**Problem details**
Take the lines in the listing below from the line with "Read moreFrançaise français" up to and including the line with "色彩協調的柔和褶皺半袖上衣,採用精緻的褶" and set them down exactly, skipping pictures and adding nothing.

**Information**
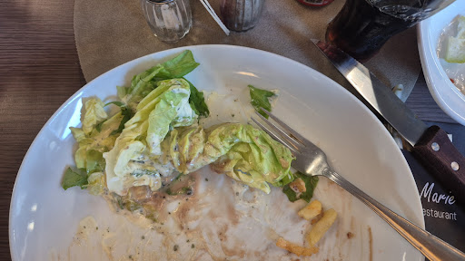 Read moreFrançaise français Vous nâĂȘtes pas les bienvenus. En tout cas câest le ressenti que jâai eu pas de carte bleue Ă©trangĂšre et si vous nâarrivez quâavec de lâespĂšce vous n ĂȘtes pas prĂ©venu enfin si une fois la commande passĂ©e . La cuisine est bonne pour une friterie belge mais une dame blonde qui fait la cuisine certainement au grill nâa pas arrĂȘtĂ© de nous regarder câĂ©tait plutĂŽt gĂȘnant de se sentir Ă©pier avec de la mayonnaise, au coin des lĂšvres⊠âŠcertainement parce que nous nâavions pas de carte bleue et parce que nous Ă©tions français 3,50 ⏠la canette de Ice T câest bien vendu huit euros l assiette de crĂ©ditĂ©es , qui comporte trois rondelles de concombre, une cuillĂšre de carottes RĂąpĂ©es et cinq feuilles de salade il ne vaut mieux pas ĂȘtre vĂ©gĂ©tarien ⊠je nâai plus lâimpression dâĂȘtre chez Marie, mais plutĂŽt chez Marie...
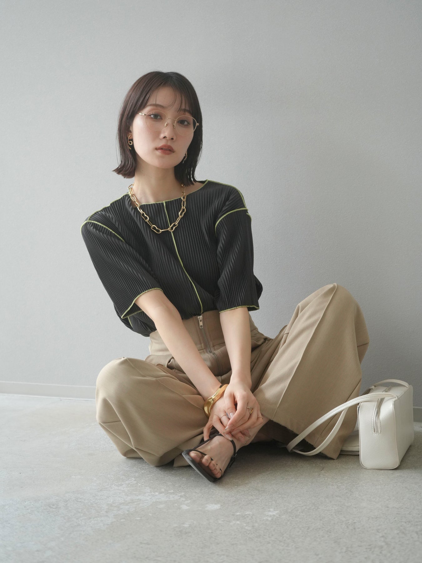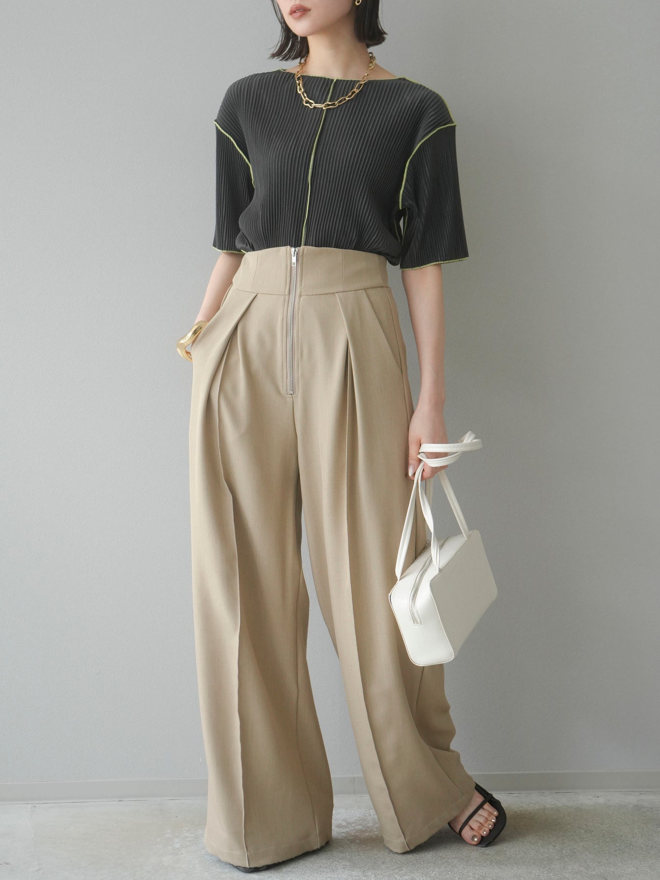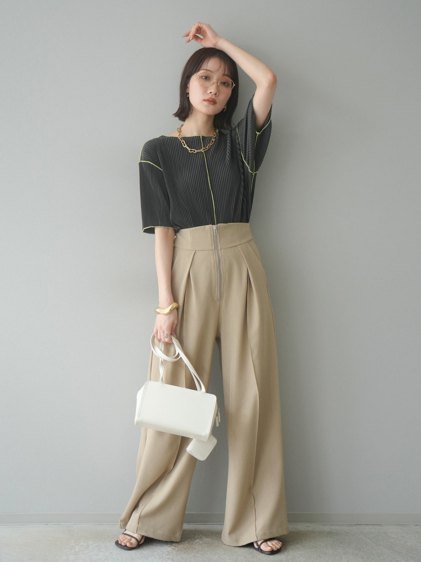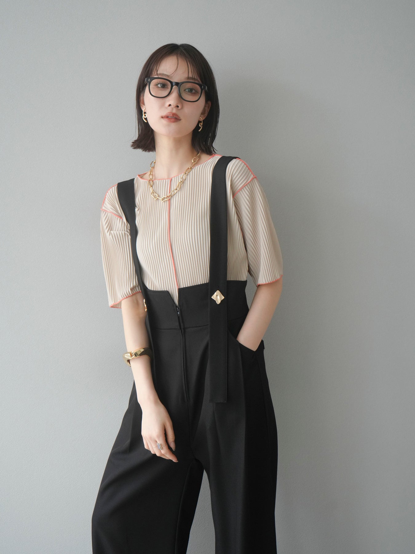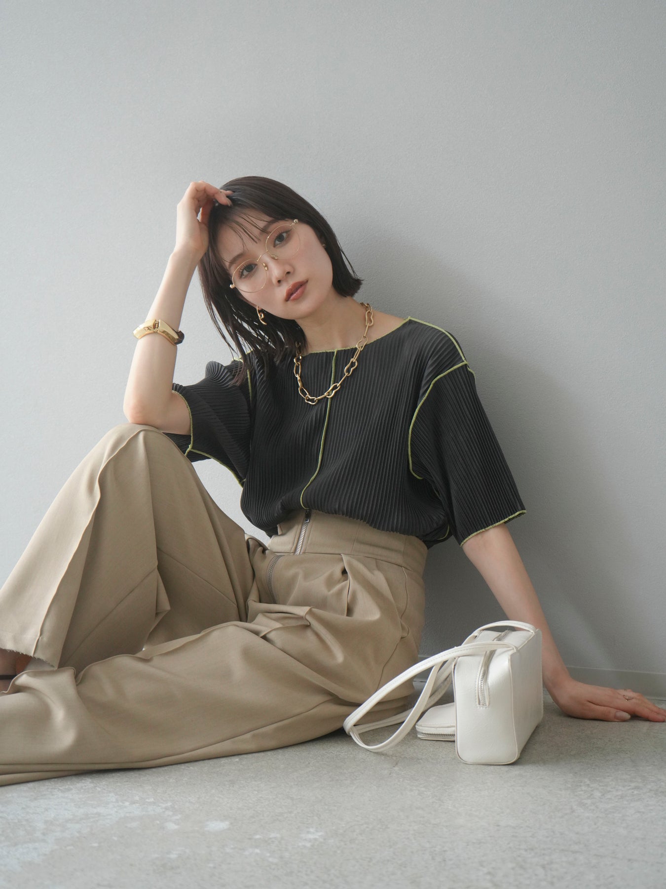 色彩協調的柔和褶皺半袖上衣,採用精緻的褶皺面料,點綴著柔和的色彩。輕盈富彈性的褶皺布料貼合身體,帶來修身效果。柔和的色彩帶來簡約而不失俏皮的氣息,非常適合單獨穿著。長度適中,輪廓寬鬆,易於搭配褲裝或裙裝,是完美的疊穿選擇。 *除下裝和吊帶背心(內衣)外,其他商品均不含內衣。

--

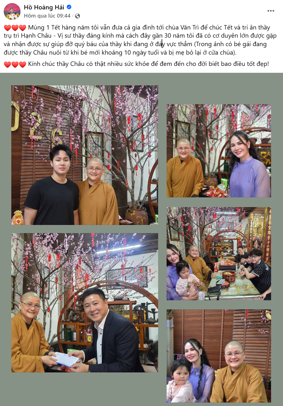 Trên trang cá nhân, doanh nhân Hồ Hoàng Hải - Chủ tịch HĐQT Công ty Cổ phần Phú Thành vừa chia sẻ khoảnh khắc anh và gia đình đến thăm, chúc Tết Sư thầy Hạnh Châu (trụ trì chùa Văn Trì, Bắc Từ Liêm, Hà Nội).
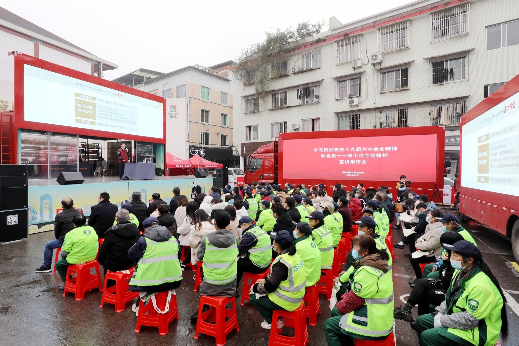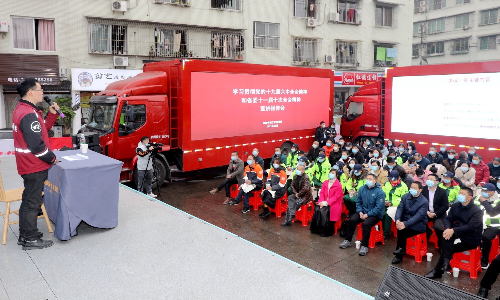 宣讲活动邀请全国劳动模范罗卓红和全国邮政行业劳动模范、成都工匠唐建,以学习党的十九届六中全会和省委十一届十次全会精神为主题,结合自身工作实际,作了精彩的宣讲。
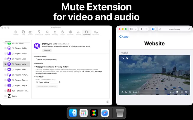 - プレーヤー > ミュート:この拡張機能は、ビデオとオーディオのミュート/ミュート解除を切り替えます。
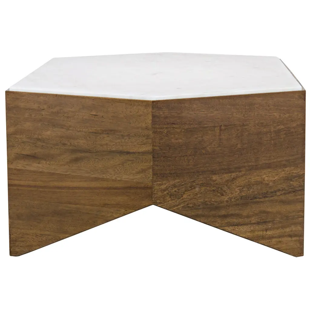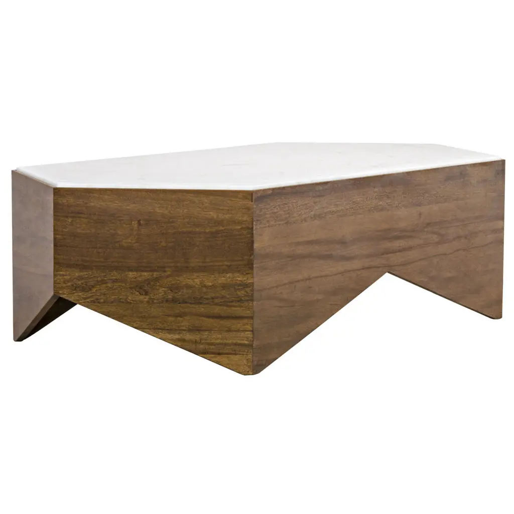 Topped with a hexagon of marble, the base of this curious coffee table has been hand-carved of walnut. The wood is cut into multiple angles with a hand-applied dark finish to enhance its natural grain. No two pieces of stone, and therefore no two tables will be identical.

**Finished exercise**
 Read moreFrançaise français Vous nâĂȘtes pas les bienvenus. En tout cas câest le ressenti que jâai eu pas de carte bleue Ă©trangĂšre et si vous nâarrivez quâavec de lâespĂšce vous n ĂȘtes pas prĂ©venu enfin si une fois la commande passĂ©e . La cuisine est bonne pour une friterie belge mais une dame blonde qui fait la cuisine certainement au grill nâa pas arrĂȘtĂ© de nous regarder câĂ©tait plutĂŽt gĂȘnant de se sentir Ă©pier avec de la mayonnaise, au coin des lĂšvres⊠âŠcertainement parce que nous nâavions pas de carte bleue et parce que nous Ă©tions français 3,50 ⏠la canette de Ice T câest bien vendu huit euros l assiette de crĂ©ditĂ©es , qui comporte trois rondelles de concombre, une cuillĂšre de carottes RĂąpĂ©es et cinq feuilles de salade il ne vaut mieux pas ĂȘtre vĂ©gĂ©tarien ⊠je nâai plus lâimpression dâĂȘtre chez Marie, mais plutĂŽt chez Marie...
 色彩協調的柔和褶皺半袖上衣,採用精緻的褶皺面料,點綴著柔和的色彩。輕盈富彈性的褶皺布料貼合身體,帶來修身效果。柔和的色彩帶來簡約而不失俏皮的氣息,非常適合單獨穿著。長度適中,輪廓寬鬆,易於搭配褲裝或裙裝,是完美的疊穿選擇。 *除下裝和吊帶背心(內衣)外,其他商品均不含內衣。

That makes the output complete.